As you can see in these examples, we can include any executable R code inside these chunks, whether the code generates console output or graphics output. The final code chunk, in lines 11 to 14, even includes table output. The knitr function kable will convert data output to Markdown table code, resulting in an HTML table in your document.

You will also notice in these code chunks that we have set some options inside the curly brackets, called collapse and echo. The first of these, collapse, keeps the code and output in the same box in the output. This is useful if you have a number of lines of code and output that you want to group together. This is useful in vignettes, but in general you would not want to include the R code in a formal document. In this case, the echo option is particularly useful. The echo option controls whether the code is returned in the document as well as the output. You will notice that this has been set in the second two code chunks, on lines 6 and 11. In these cases, when the document is created you will see that only the output appears (in these cases, a graphic and a table).

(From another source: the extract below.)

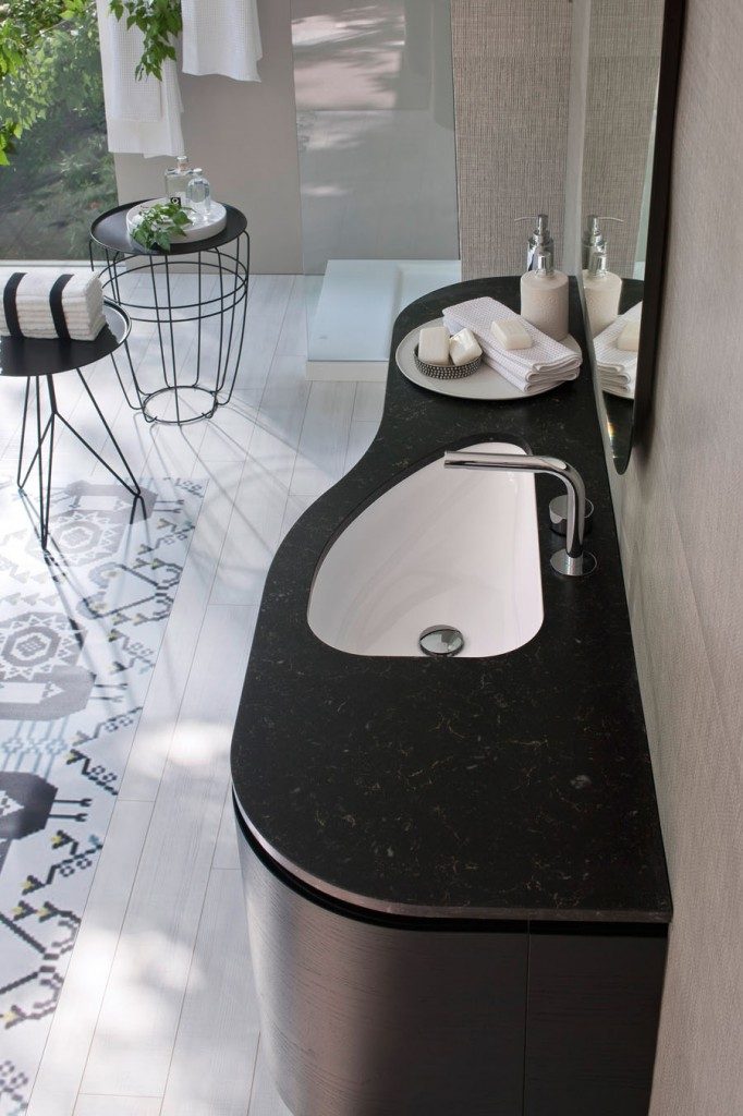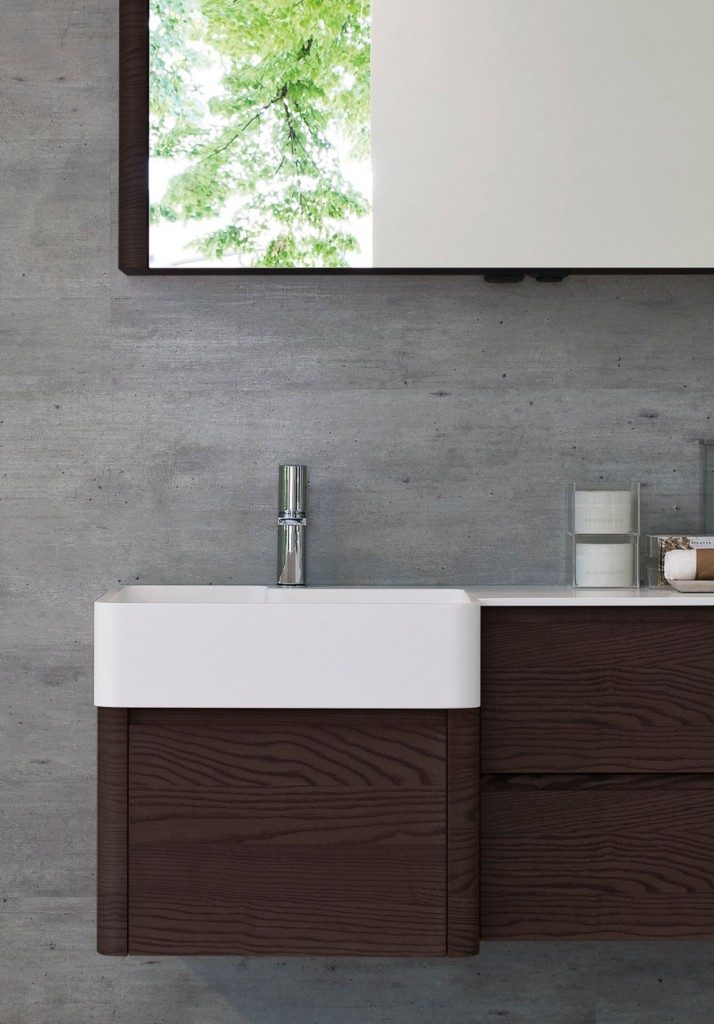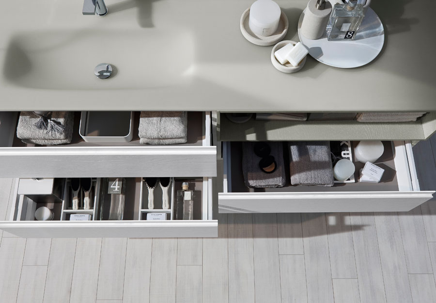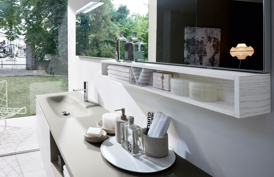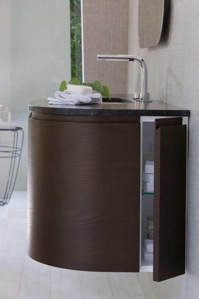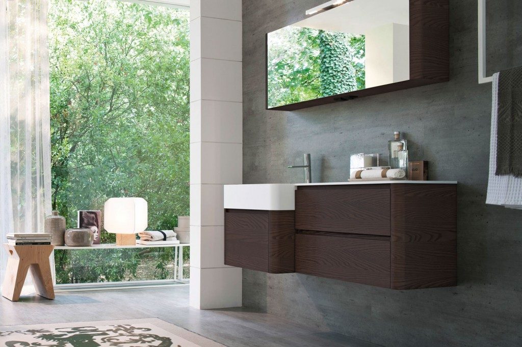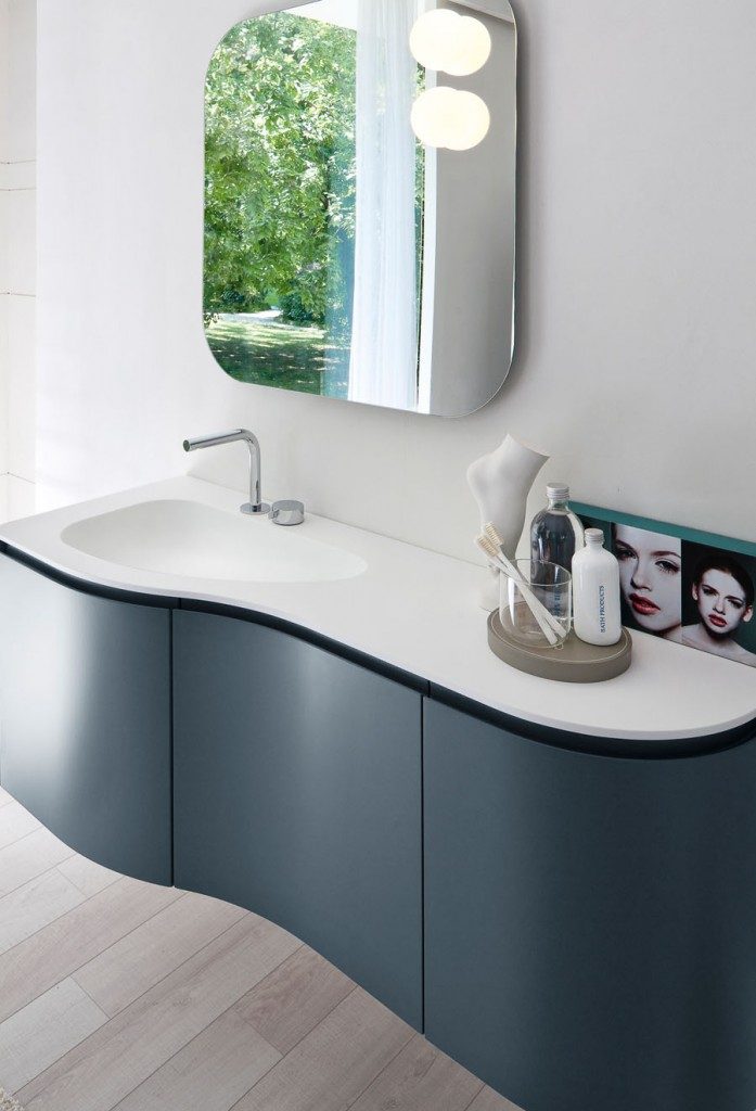 Die präsentierten modernen Bäder zielen dank der Badezimmermöbel und der Badaccessoires auf Ergonomie ab: die abgerundeten Formen und die offenen Elemente unter dem Spiegel machen die Möbel praktischer, ohne das Design aus den Augen zu verlieren. Es gibt unendlich viele Personalisierungsmöglichkeiten: von den mehr als einhundert Farben über die Möbel- und Waschbeckenoberflächen bis hin zu klassischen Materialien wie Esche oder zu innovativen Materialien wie Aquatek und Aqualux. Die Lösung mit Hängeschrank und abgerundeten Konturen macht My Seventy Plus zur Kollektion für diejenigen, die Badezimmermöbel mit romantischen Retro-Geschmack, die gleichzeitig modern und trendig sind, lieben.

Tip: Setting Up Your Document

You will notice that in the sample code chunks here, each chunk loads an R package that is then used. It is actually good practice to include all these components in a single code chunk at the start of the document, as you would any other R script. We would recommend that you also include in this chunk any sourcing of additional R scripts or reading of data. As you will see in Table 23.1, there are options you can set to ensure that this chunk is run but no output included in the report.

Image

TABLE 23.1 knitr Options for Code Chunks


There are many more options you can set to control the behavior and output of code chunks, whether this is how or if the code is run or the look of graphics output. Some of the most commonly used options can be seen in Table 23.1.


Tip: Additional Code Chunk Options

We can set many more options for a code chunk. The easiest way to see all these options is to take a look at the knitr webpage at http://yihui.name/knitr/. This site is maintained by the package author, Yihui Xie, and includes a complete listing of all the options that can be set. To see these options, navigate to the Options page.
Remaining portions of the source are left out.